Byldis ups efficiency and teamwork with Trimble Connect and Trimble Connect AR

Dutch prefab specialist brings 3D rebar models to the shop floor in AR for office-to-factory integration

11-02-2022. Source Trimble 

The latest additions to some of Europe’s most iconic skylines come from a provincial town in the Netherlands. Byldis, an off-site construction specialist, is designing, manufacturing and installing full off-site building solutions, precast concrete cladding and integrated aluminum facades across Europe, with a focus on the Benelux region, Germany, Scandinavia, and the UK. Over the last 50 years the company has developed from a general contractor to a prefab specialist. It operates its precast concrete factory and ready-made façade facility near the innovation hub of Eindhoven. Already a Tekla Structures BIM software powerhouse, the company looked to engrain the latest Trimble construction technology deeper into its operation, by connecting the office and the factory by digitally bringing its intricate rebar models to the factory floor. Its latest feat: making rebar models mobile through the use of the Trimble Connect AR augmented reality technology, with the help of Trimble value-added reseller Construsoft.

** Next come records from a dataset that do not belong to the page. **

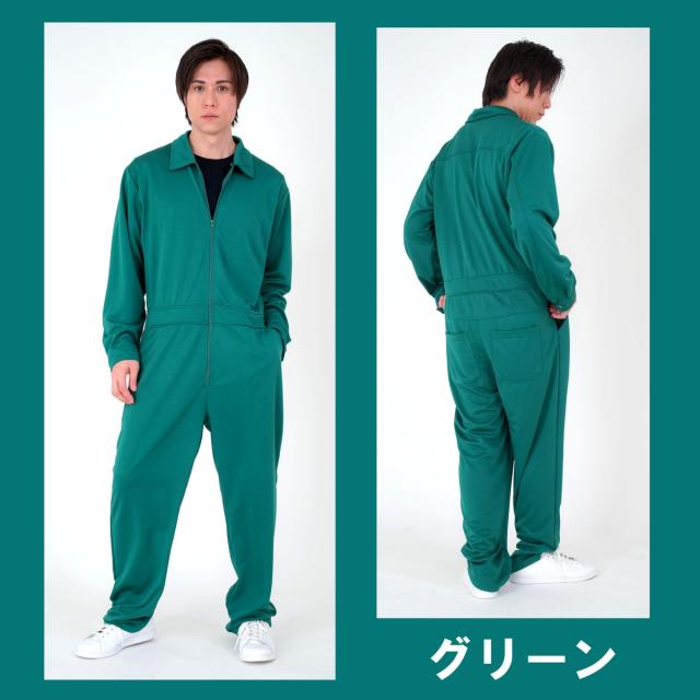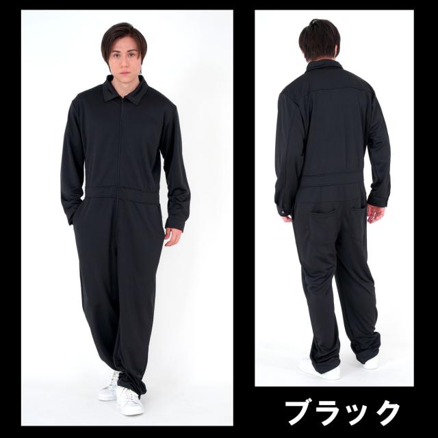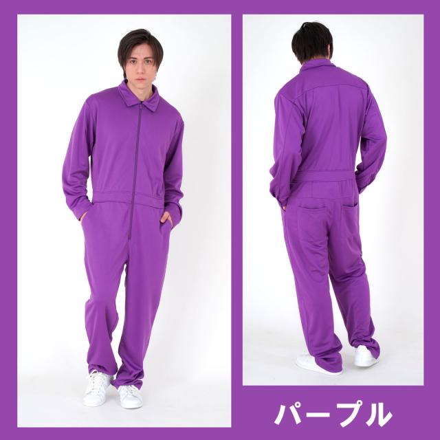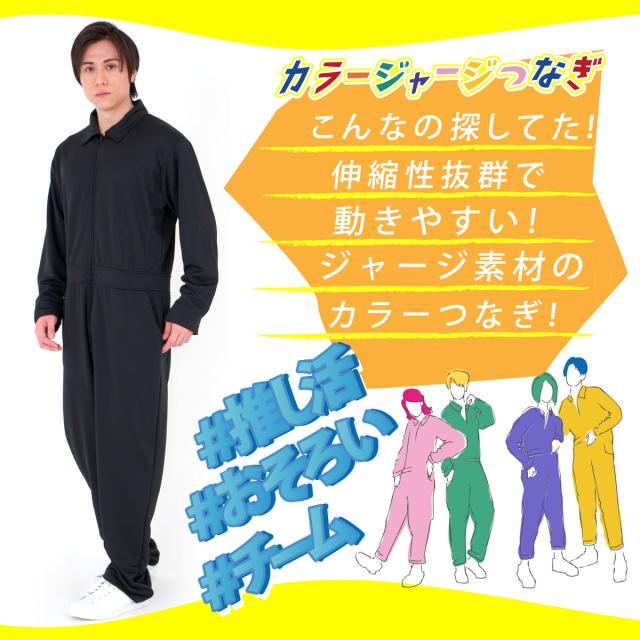 つなぎ オーバーオール メンズ ジャージ オールインワン M L ブラック ブルー グリーン パープル ピンク レッド ホワイト イエロー 推し活 チームウェア お揃い 合宿 作業着 ファスナー ポケット
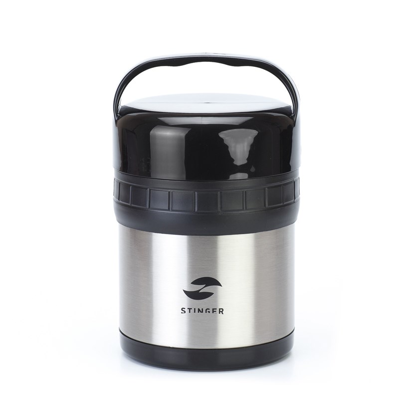 Термос ланч-бокс, Stinger, 1 л, широкий, сталь, серебристый, чёрные вставки, два контейнера
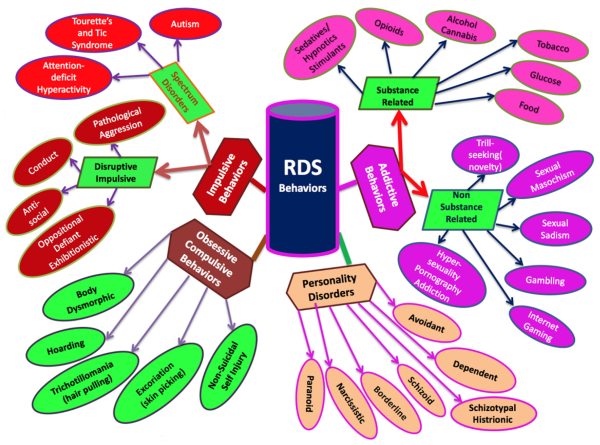 RDS can show up in many different ways, ranging from impulsive behaviors (like ADHD, aggression, or conduct issues) and obsessive-compulsive behaviors (such as hoarding, skin-picking, or self-injury), to addictive behaviors (including drugs, alcohol, food, gambling, or internet gaming) and even certain personality disorders.
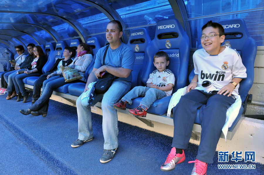 图为5月1日,一些球迷在伯纳乌球场的球员席位体验球星感受。新华社记者陈海通摄
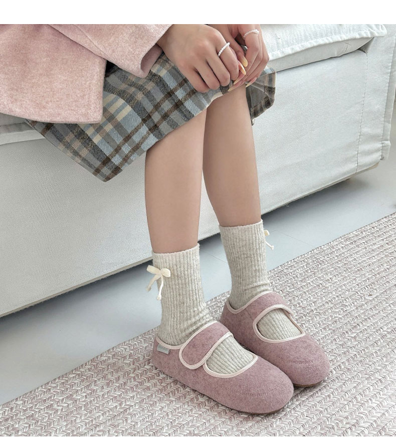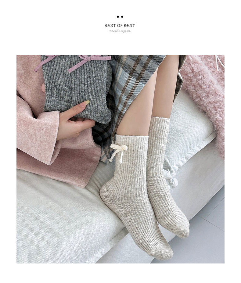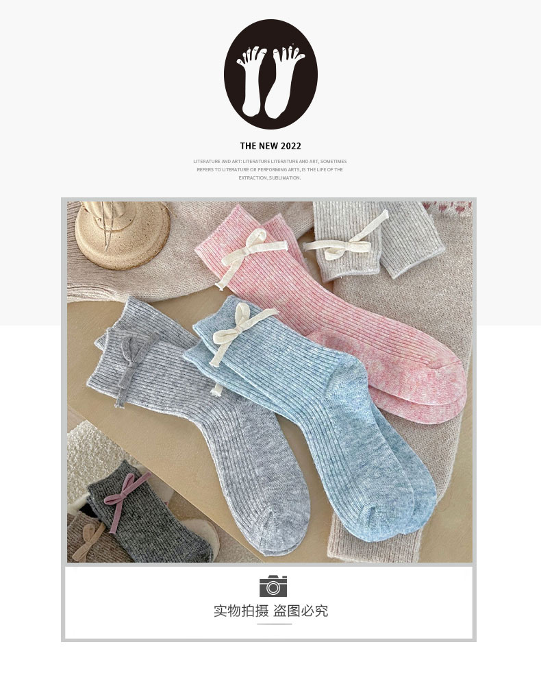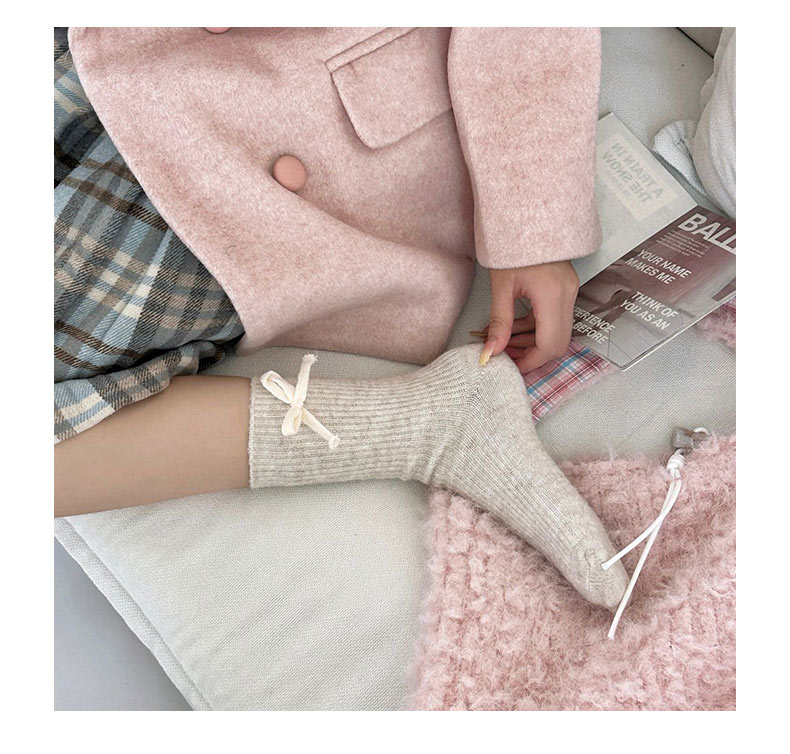 甜美蝴蝶结羊毛绒绒暖阳中筒女袜袜子-纪念日百货门店同款167596029
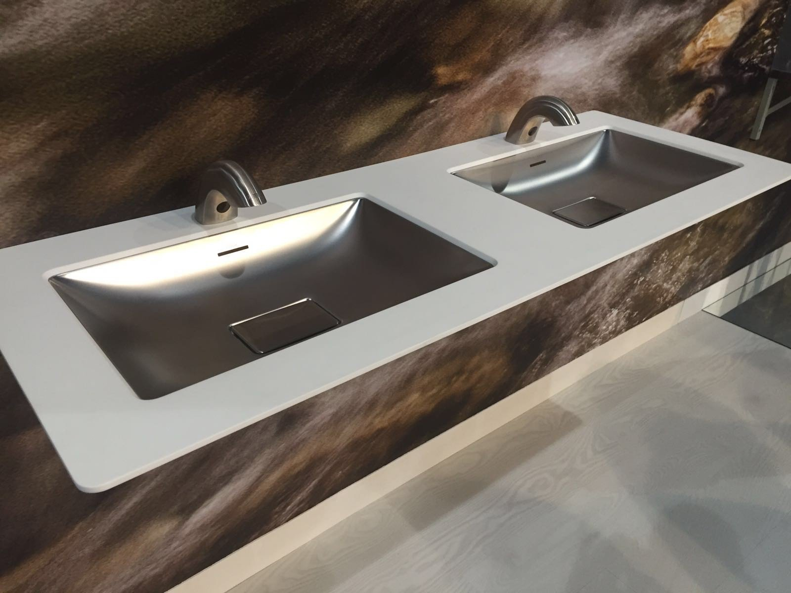 Stojąca bateria umywalkowa ze stali nierdzewnej przeznaczona do wody ciepłej i zimnej, 24 V DC
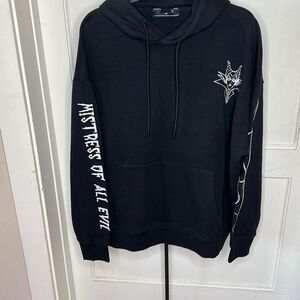 A knit hoodie featuring embroidered front and back Maleficent designs, "Mistress Of All Evil" text, and flame details, long sleeves, ribbed trim, and a drawstring hood.
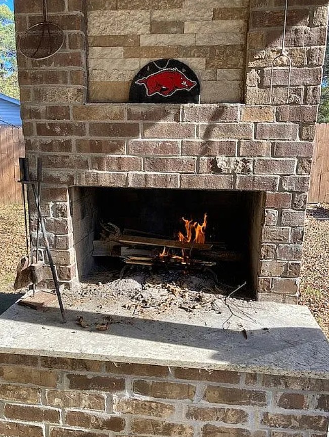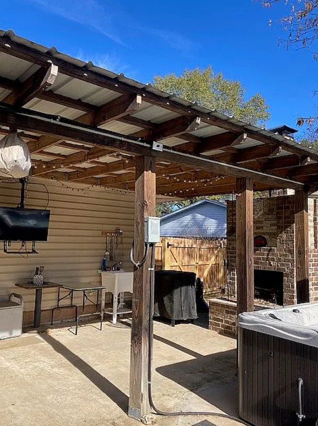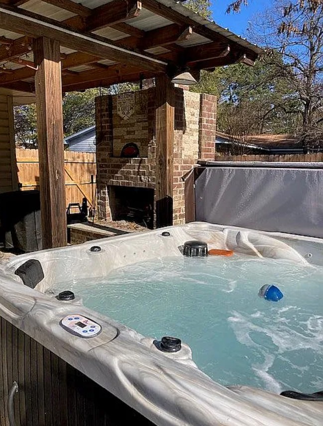 The spacious backyard and patio include an outdoor wood fireplace, TV setup, and a new hot tub (2024) perfect for relaxing or entertaining.

 “The prefab construction market is an innovation hotspot,” says Stefan Kauffeld, information manager at Byldis. “We manage the entire process from design, production, to logistics and finally installation on the job site. Modern precast building offers endless possibilities in terms of design, color, and size of the elements. The only limiting factor is the ability to transport the elements we produce. Designwise, we can turn –almost– any design into reality, so architects are seeing the incredible opportunities that prefab brings. Especially for projects in dense urban areas.”

Office-to-factory integration

With growing demand, both in the number of projects as well as in the complexity of the designs, Byldis felt the need to drive the integration of the office —with its design team, estimators, and engineers— and the production facilities. All in order to streamline production, root out failure costs and drive efficiency across the entire workflow. With as an important first step, the 3D models making their way from the office to the mesh welding plants in the engineering and production environment.

 “Traditionally, this business still relies heavily on paper drawings that are used across the entire workflow, from the office to the shop floor and from the initial design stage to the final quality control of the finished product,” says Emille Geuze, 3D planning engineer at Byldis and as such responsible for concrete rebar production. “For a large part the rebar webs are produced by our mesh welding plants, but they still require our welders to put the various parts together by hand and add the details that the machines can’t. When we introduced digital models to the factory floor, this was met with strong skepticism. Many of our welders didn’t want to have anything to do with 3D models. Nevertheless, we offered the opportunity to gain more insight into the intricacies of the design by putting terminals at all the welding stations.”

Single view of the model

With access to the Tekla 3D models on the screens through Trimble Connect, the welders now have the possibility to really dive into the models to get a better understanding of what is required of them. The models help determine the exact placement of e.g. lifting anchors. And through the live connection to the design department, all models are always up-to-date. So any last-minute changes always make it to the factory floor. The design team, the welding plant, the welding team and the concrete department all work from one-and-the-same model. Now the welding team is highly appreciative of having the complete, detailed models at their fingertips instead of having to carry around a set of drawings.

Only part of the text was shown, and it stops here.